**Data supplied**
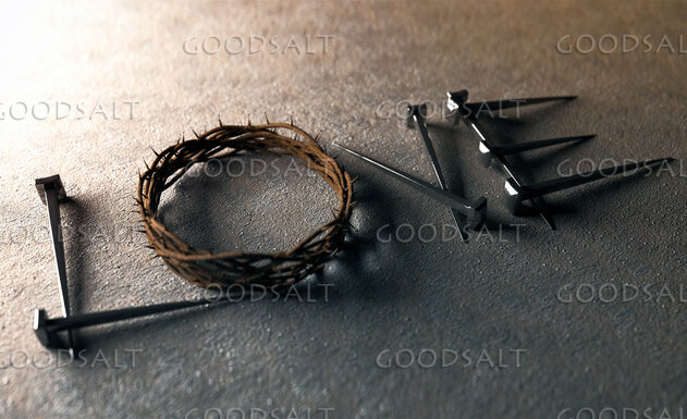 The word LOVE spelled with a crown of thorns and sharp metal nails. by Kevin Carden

==

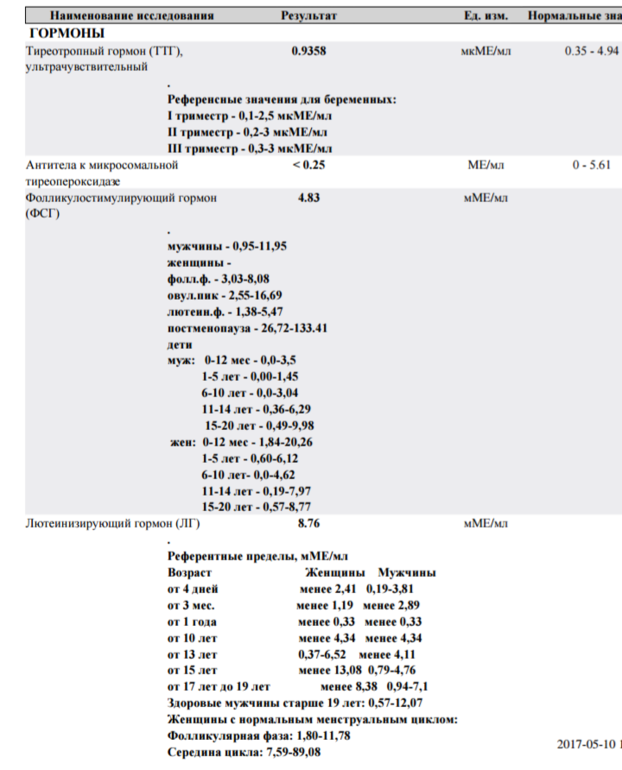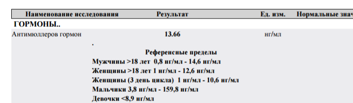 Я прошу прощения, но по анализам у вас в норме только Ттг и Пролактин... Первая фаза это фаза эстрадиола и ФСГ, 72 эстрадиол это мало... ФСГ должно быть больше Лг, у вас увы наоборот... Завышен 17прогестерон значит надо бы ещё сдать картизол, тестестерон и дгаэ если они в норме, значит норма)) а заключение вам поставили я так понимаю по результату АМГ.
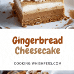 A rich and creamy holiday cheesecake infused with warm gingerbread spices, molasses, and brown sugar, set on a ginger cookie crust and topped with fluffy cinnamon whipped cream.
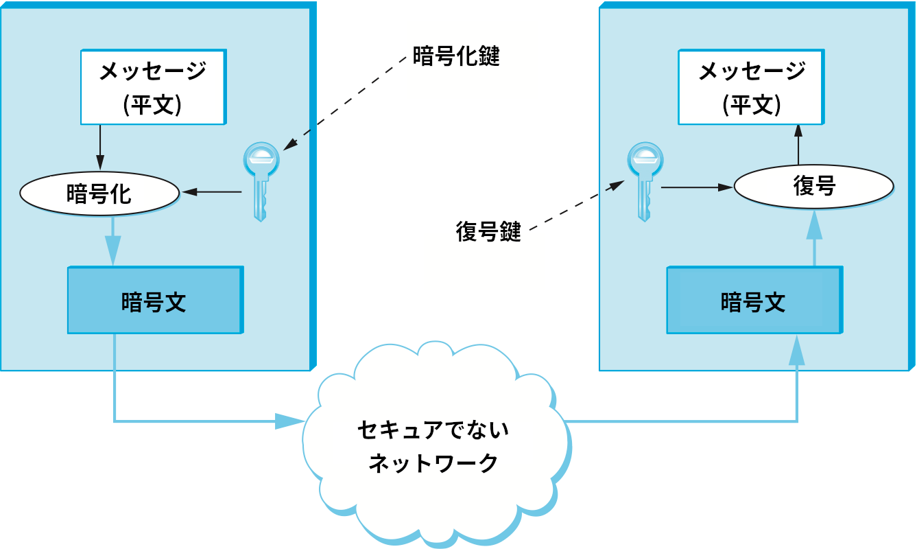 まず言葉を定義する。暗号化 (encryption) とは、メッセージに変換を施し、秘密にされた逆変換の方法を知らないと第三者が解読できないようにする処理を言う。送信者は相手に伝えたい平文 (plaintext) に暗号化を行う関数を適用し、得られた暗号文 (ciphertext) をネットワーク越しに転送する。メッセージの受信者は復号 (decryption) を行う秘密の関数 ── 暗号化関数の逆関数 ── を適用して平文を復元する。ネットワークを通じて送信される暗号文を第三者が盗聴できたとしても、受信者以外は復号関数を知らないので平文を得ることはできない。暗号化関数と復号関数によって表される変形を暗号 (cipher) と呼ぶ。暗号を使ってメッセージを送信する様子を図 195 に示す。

---

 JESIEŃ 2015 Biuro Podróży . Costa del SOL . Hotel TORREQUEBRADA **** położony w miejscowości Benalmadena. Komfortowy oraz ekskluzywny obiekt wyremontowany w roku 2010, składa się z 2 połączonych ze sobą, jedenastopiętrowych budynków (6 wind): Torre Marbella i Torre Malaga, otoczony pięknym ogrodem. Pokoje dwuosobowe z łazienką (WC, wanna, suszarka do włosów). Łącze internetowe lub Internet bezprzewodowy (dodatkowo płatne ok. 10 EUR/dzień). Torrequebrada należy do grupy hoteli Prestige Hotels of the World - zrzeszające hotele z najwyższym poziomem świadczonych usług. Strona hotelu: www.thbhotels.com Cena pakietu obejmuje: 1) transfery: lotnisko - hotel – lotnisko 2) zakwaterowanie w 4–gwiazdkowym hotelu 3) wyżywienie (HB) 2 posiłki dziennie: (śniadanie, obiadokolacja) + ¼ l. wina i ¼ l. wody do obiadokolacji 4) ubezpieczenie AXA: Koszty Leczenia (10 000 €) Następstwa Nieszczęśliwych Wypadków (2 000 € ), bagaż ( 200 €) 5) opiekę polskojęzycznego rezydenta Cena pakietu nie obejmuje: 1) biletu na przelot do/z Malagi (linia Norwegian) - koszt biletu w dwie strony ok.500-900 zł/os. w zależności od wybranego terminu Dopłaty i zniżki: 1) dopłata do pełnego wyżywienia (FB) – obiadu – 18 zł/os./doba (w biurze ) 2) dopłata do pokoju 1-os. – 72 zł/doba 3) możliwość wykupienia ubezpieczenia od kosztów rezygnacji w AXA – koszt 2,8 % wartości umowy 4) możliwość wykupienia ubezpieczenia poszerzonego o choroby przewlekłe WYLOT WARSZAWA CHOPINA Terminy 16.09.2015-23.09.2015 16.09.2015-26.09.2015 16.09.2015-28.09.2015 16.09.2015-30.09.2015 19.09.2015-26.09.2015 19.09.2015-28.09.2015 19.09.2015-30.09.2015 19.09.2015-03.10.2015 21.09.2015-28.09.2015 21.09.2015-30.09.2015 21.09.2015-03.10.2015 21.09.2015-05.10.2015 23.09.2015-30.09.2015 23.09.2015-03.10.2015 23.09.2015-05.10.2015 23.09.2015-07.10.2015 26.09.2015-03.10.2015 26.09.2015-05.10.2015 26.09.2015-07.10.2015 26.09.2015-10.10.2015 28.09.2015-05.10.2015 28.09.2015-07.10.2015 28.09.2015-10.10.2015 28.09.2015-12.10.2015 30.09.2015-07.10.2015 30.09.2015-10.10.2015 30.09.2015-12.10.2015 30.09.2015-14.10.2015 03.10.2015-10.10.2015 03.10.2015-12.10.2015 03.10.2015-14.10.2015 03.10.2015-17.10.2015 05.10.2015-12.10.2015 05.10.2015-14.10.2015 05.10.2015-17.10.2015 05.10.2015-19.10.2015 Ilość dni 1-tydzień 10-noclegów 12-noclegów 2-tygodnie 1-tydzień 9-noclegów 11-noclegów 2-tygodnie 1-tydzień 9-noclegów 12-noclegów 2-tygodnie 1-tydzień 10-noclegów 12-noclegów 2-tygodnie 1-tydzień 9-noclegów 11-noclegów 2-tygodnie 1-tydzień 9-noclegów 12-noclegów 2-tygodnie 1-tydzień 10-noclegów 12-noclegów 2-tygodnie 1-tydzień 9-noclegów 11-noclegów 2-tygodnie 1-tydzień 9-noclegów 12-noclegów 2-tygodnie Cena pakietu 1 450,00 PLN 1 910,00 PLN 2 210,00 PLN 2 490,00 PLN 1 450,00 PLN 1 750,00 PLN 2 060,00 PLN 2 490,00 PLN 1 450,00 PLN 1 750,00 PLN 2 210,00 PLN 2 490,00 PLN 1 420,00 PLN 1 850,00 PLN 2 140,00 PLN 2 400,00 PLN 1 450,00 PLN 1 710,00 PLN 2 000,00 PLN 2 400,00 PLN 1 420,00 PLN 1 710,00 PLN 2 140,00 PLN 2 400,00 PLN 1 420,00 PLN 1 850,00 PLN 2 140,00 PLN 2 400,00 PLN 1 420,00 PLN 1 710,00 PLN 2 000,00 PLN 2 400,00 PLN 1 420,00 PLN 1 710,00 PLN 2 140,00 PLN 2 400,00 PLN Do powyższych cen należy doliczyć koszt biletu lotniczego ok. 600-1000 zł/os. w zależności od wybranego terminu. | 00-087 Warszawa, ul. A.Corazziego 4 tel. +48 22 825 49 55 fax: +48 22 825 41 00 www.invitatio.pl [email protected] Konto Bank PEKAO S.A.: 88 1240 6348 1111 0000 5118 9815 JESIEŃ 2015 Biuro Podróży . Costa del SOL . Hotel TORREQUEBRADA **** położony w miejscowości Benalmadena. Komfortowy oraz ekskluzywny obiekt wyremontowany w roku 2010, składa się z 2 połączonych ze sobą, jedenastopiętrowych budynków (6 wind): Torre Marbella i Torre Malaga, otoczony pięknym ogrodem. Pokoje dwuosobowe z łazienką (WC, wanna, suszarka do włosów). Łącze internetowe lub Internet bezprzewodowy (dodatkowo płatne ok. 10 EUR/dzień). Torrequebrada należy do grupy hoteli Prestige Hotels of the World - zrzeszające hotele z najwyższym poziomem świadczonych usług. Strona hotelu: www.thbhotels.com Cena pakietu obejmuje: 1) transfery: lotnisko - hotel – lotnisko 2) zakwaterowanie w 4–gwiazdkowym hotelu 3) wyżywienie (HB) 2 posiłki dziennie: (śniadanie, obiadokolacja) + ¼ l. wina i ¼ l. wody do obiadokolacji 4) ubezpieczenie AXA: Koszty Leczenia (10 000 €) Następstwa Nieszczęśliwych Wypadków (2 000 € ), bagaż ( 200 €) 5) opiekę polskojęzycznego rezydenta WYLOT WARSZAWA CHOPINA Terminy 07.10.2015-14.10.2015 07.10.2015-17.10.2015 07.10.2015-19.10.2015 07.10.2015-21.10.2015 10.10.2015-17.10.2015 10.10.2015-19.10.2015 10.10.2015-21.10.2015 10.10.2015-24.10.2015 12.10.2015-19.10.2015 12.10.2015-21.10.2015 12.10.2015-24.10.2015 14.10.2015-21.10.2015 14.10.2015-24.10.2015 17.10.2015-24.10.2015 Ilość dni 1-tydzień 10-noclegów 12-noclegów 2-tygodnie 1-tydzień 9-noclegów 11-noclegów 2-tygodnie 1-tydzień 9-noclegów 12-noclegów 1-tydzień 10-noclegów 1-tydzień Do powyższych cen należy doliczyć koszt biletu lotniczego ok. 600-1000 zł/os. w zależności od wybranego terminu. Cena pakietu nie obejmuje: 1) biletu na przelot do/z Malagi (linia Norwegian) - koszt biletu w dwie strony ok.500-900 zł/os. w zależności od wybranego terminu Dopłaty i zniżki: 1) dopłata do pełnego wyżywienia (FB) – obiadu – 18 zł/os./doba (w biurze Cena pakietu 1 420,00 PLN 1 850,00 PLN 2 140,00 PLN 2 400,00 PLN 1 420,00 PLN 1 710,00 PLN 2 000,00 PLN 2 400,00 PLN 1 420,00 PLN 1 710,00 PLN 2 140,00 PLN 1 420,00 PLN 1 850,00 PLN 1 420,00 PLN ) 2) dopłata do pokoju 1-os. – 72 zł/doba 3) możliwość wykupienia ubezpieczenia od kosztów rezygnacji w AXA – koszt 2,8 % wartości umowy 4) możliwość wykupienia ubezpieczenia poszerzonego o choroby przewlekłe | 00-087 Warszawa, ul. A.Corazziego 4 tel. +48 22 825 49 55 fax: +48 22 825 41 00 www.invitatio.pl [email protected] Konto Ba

**What is needed**
Copy exactly, without pictures, the lines above from the one with "Я прошу прощения, но" down to the one with "A rich and creamy", inclusive.

**Written reply**
 Я прошу прощения, но по анализам у вас в норме только Ттг и Пролактин... Первая фаза это фаза эстрадиола и ФСГ, 72 эстрадиол это мало... ФСГ должно быть больше Лг, у вас увы наоборот... Завышен 17прогестерон значит надо бы ещё сдать картизол, тестестерон и дгаэ если они в норме, значит норма)) а заключение вам поставили я так понимаю по результату АМГ.
 A rich and creamy holiday cheesecake infused with warm gingerbread spices, molasses, and brown sugar, set on a ginger cookie crust and topped with fluffy cinnamon whipped cream.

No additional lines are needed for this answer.